Manager, Information Security GRC

Job Title

About the Business:

The Hospitality CISO Office consists of three teams of security experts:

SEC-HOS-GRC (Governance, Risk and Compliance)

SEC-HOS-SOA (Security Operations and Architecture)

SEC-HOS-PGM (Program Management)

Together we…

• ​​​​​​​Build a solid security organization for the new Amadeus Hospitality Business Unit with a unified security posture.​​​​​​​

• Maintain compliance with applicable legislation, regulations, and market dominant security standards, including the implementation of new requirements.

• Continue education programs for Amadeus Hospitality personnel so they understand their role in protecting information assets and the consequences for failing to do so.

• Make our organization and products sufficiently resilient against intentional and unintentional bad behaviors, attacks, data breaches and fraud.

Summary of the role:

The Manager Information Security Governance, Risk & Compliance is the staff member of the Hospitality Information Security GRC team (SEC-HOS-GRC).

He or she reports to the Director of the Hospitality Information Security GRC and manages the Information Security, Governance, Risk & Compliance and Data Privacy topics within the Hospitality Business Unit.

In this role you’ll:

• Manage a selection of compliance programs, ensuring alignment with industry standards and regulations, such as SOC 1-2, PCI DSS, ISO 27001/ISO27701, GDPR, NIS2, CCPA/CPRA, etc.

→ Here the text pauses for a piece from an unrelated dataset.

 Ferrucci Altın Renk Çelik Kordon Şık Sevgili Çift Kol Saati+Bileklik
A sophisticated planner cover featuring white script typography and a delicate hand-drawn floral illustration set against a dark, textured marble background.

This, aligned with business needs and a risk-based approach for the Hospitality product line and Business Unit.

• Manage/coordinate compliance audits, assessments, and certifications, coordinating with external auditors as needed.

• Ensure alignment with Amadeus Hospitality Missions & Objectives, the HOS CISO vision, and the guidance provided by Amadeus central.

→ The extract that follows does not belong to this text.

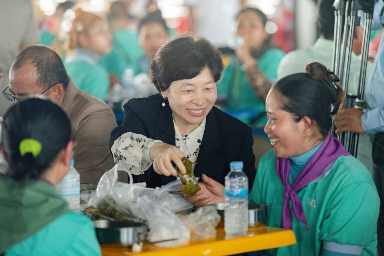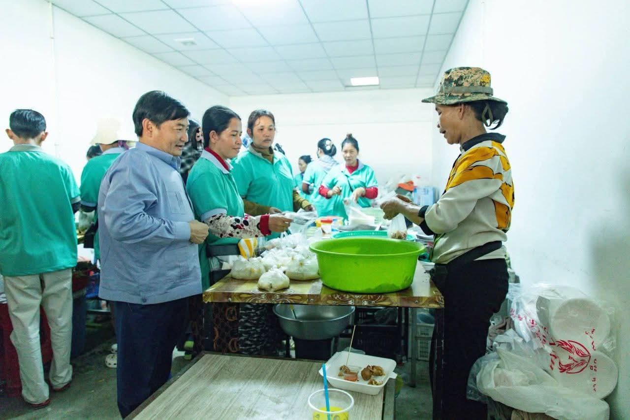 ឯកឧត្ដម ស៊ុន សុវណ្ណារិទ្ធិ អភិបាលខេត្តកំពង់ឆ្នាំង អញ្ជើញចូលរួមចុះជួបសំណេះសំណាលសួរសុខទុក្ខ និងទទួលទានអាហារថ្ងៃត្រង់ ជាមួយបងប្អូនកម្មករនិយោជិត នៅរោងចក្រ ស៊ិនគី អឹភែរឹល (SHINKI APPAREL (CAMBODIA) CO., LTD.) ស្ថិតនៅស្រុកសាមគ្គីមានជ័យ ================កំពង់ឆ្នាំង៖នៅថ្ងៃទី២០ ខែមករា ឆ្នាំ២០២៦ ឯកឧត្ដម ស៊ុន សុវណ្ណារិទ្ធិ អភិបាល នៃគណៈអភិបាលខេត្តកំពង់ឆ្នាំង បានអមដំណើរឯកឧត្តម ហេង សួរ រដ្ឋមន្ត្រីក្រសួងការងារ និងបណ្តុះបណ្តាលវិជ្ជាជីវៈ និងលោកស្រី ស៊ាវយៀន ឈាន (Xiaoyan Qian) នាយិកាការិយាល័យប្រចាំប្រទេសថៃ កម្ពុជា និងឡាវ នៃអង្គការអន្តរជាតិខាងការងារ (ILO) និងក្រុមការងារ អញ្ជើញចុះជួបសំណេះសំណាលសួរសុខទុក្ខ និងទទួលទានអាហារថ្ងៃត្រង់យ៉ាងស្និទ្ធស្នាលជាមួយបងប្អូនកម្មករនិយោជិតនៅរោងចក្រ ស៊ិនគី អឹភែរឹល (SHINKI APPAREL (CAMBODIA) CO., LTD.) ស្ថិតក្នុងភូមិជន្លាត់ដៃ ឃុំស្វាយ ស្រុកសាមគ្គីមានជ័យ ខេត្តកំពង់ឆ្នាំង។ការចុះជួប និងទទួលទានអាហារផ្ទាល់ជាមួយកម្មករនិយោជិតនេះ គឺជាឱកាសដ៏សំខាន់សម្រាប់ថ្នាក់ដឹកនាំក្នុងការស្វែងយល់ពីស្ថានភាពការងារប្រចាំថ្ងៃ និងទុក្ខធុរៈរបស់បងប្អូនកម្មករនិយោជិតដោយផ្ទាល់ ស្របតាមអនុសាសន៍ដ៏ខ្ពង់ខ្ពស់របស់សម្ដេចមហាបវរធិបតី ហ៊ុន ម៉ាណែត នាយករដ្ឋមន្ត្រីនៃព្រះរាជាណាចក្រកម្ពុជា។បច្ចុប្បន្ន រោងចក្រ ស៊ិនគី អឹភែរឹល មានកម្មករនិយោជិតបំពេញការងារសរុបប្រមាណ ៦ ៨០០នាក់ ហើយក៏កំពុងមានតម្រូវការកម្លាំងពលកម្មបន្ថែមទៀតផងដែរ។ បងប្អូនកម្មករនៅទីនេះ ទទួលបានប្រាក់ឈ្នួលសមរម្យ និងអត្ថប្រយោជន៍ផ្សេងៗជាច្រីនតាមគោលការណ៍របស់រាជរដ្ឋាភិបាល ជាមួយលក្ខខណ្ឌការងារល្អប្រសើរ រួមមានអាហារដ្ឋានស្តង់ដា និងកន្លែងទទួលទានអាហារថ្ងៃត្រង់ប្រកបដោយផាសុកភាព។

• conduct risk assessments and identify potential threats and vulnerabilities to our systems, data, and processes.

• Collaborate with internal stakeholders to develop risk mitigation strategies and action plans.

• establish and maintain the information security governance framework for Hospitality, incorporating risk management and compliance requirements.

• Ensure that the designed implementation guidelines, policies and procedures, derived from the Governance Framework are communicated, understood and applied appropriately within Amadeus Hospitality Business Unit.

• Provide support to the HOS-CISO and the Director of the HOS GRC (Governance, Risk and Compliance) team with respect to the interface with Legal, Security and Data Privacy Authorities.

Education:

• Bachelor's degree or higher and/or equivalent work experience.

• CISA, CISM or similar industry certification(s) are preferred"

• ISO27001 Lead Implementer certification preferred.                                                                                   

About the ideal candidate:

• 3+ years’ experience working within an IT organization with practical experience in compliance coordination, implementing IT risk frameworks, controls, and methodologies.

• Exposure to international and multi-cultural contexts

• Prior experience working closely with auditors and/or external regulators.

• Must possess excellent Organizational Skills, Proficient Communication Skills, Effective Problem-solving skills, Strong People Skills, Sound Understanding of Regulatory Guidelines and Security Policies, willingness to learn and self-motivation. 

• Must be creative, a team player, passionate and enthusiastic about the role.

• Ability to travel

What we can offer you:

• Get rewarded with competitive remuneration, individual and company annual bonus, vacation and holiday paid time off, health insurances and other competitive benefits.

• Work from anywhere: onsite, hybrid or fully remote. 

• Professional development to broaden your knowledge and enhance your skills with on-line learning hubs packed with technical and soft skills training that allow you to develop and grow.

• Enter a diverse and inclusive workplace, join one of the world’s top travel technology companies and take on a role that impacts millions of travelers around the globe.

Application process: 

The application process takes no longer than 10 minutes!
Create your candidate profile, upload your Resume/CV and apply today!

Diversity & Inclusion

We are an Equal Opportunity Employer and seek to hire the best candidate regardless of age, beliefs, disability, ethnicity, gender or sexual orientation.